START Provided records
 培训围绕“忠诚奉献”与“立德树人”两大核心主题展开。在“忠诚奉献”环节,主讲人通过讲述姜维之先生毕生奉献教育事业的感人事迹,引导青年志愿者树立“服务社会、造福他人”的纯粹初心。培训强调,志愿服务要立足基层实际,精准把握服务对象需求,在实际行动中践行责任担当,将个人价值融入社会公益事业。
END Provided records
START Provided records
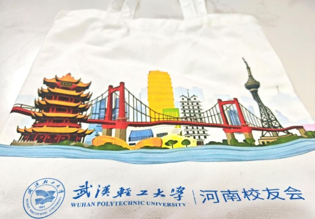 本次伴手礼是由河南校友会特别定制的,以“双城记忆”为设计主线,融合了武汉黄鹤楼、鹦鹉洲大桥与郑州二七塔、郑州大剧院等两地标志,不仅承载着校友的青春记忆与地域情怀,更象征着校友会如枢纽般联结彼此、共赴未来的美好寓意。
END Provided records
START Provided records
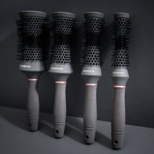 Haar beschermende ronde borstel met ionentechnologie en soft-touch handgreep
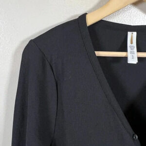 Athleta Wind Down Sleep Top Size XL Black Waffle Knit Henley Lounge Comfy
END Provided records
■ Task brief
Going by the data above, the answer is exactly the lines from the one holding "Haar beschermende ronde" to the one holding "Athleta Wind Down", both kept, with the pictures left out.

■ Exercise result
 Haar beschermende ronde borstel met ionentechnologie en soft-touch handgreep
 Athleta Wind Down Sleep Top Size XL Black Waffle Knit Henley Lounge Comfy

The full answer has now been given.